黄色ブドウ球菌のバイオ フィルムにおけるアルカリ性フォスファターゼ活性の比色分析

このプロトコルは、S.aureusバイオフィルム培養におけるアルカリ化ホスファターゼ活性を測定するための容易で信頼性の高い方法を提示した。バイオフィルム形成におけるALPの機能を理解するのに役立ちます。この手法の主な利点は、高スループットです。

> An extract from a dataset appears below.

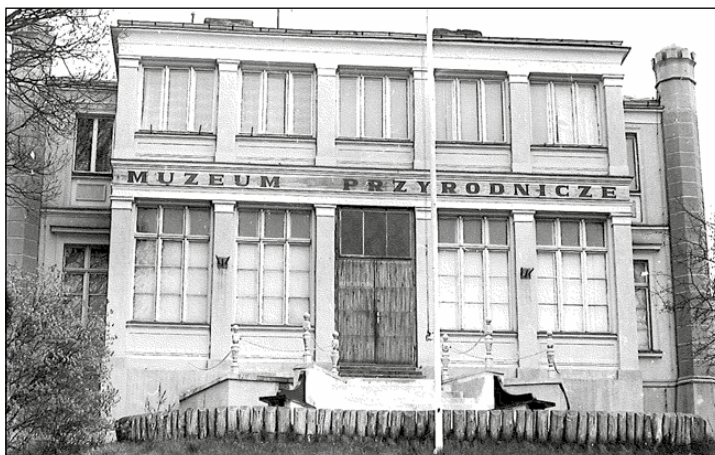
Dawne Muzeum Przyrodnicze WPN, druga połowa lat 70-tych XX wieku.

それは非常に敏感で、実行しやすいです。この手順のデモンストレーションは、ハーパー・カレッジの元学生、ケビン・ダニコフスキです。TSBを調製するには、カゼインの膵臓消化、大豆ミールのパパニックダイジェスト、塩化ナトリウム、デキストロース、リン酸二カリウムを蒸留水に加えます。

フラスコをアルミホイルで覆い、オートクレーブに入れて使用前に滅菌します。TSAを準備するには、TSBに寒天を加え、殺菌のためにオートクレーブに入れます。その後、室温まで冷まします。

次に、1皿あたり20ミリリットルの比率でペトリ皿に注ぎます。バイオフィルム培地を調製するために、グルコースをオートクレーブTSBに加えて1リットル当たり10グラムの濃度を達成する。真空ろ過キットを使用して、0.2マイクロメートルの細孔サイズのフィルターで溶液を濾過します。

接種するには、殺菌接種ループを使用して、ペトリ皿からステープルアウレウスのコロニーを1つ選び、10ミリリットルのTSBで満たされた培養管に入れます。チューブをインキュベーターに入れて摂氏37度で一晩成長させます。マイクロピペットを使用して、100マイクロリットルの一晩培養を行い、1:100体積比希釈のためにグルコースでTSBの10ミリリットルを充填した培養管に移します。

一定の濃度のために混合する渦。マイクロピペットを使用して、希釈培養物200マイクロリットルを1つの96ウェルプレートから合計18個のウェルに移します。バイオフィルム形成のために摂氏37度で96ウェルプレートを24時間インキュベートします。

S.aureusの最高のバイオフィルム形成のために、フラットまたはラウンドボトム96ウェルプレートを選ぶ方が良いです。その後、プレートを少し傾けて、各ウェルの端から吸引して上清をデカントします。1X PBSでそれぞれをよく洗います。

遠心分離機にプレートを入れて毎分8,000回転で5分間回転させ、吸引によって上澄をデカントします。各ウェルに市販のPNPPからなるバッファ状ALP基板の75マイクロリットルを加え、タイマーを使用して三重に各時点を記録する。各インキュベーションタイムポイントの後、反応を停止するために3つのウェルのそれぞれに5モル水酸化ナトリウムの75マイクロリットルを加えます。

1分間に800回転でプレートを5分間遠心します。ピペットを使用して、100マイクロリットルの上澄み物を新しい96ウェルプレートに移して熱量測定を行います。96ウェルプレートリーダーを使用して、405ナノメートルで各ウェルの吸光度を測定します。

30分のタイムポイントウェルを使用して、バックグラウンドノイズを制御します。3つの96ウェルプレートで実験全体を繰り返します。このプロトコルは、タンパク質の単離を必要としないS.aureusバイオフィルムのALP活性を測定するための迅速かつ信頼性の高いアッセイを開発する。

ALP 活動の代表的な結果は、最大 75 分間の増加傾向を示しています。75分後、ALP活性の増加は認められなかった。良いバイオフィルム文化を確立することは非常に重要であり、習得するにはかなりの数の試験が必要な場合があります。

当社や他の人々が以前に報告したように、結晶紫色のアッセイを行うことによってバイオフィルム形成を確認したり、バイオフィルム形成を容易にするために、ヒトの血漿でプレートを事前に処理することができます。その開発後、バイオフィルム形成を妨げる可能性のある潜在的なALP阻害剤をスクリーニングすることができます。その結果、医療分野におけるバイオフィルム管理に向けた重要な情報が提供されます。

5モル水酸化ナトリウムは、接触した場合に危険である可能性があります。取扱い時には、必ず個人用保護具を着用してください。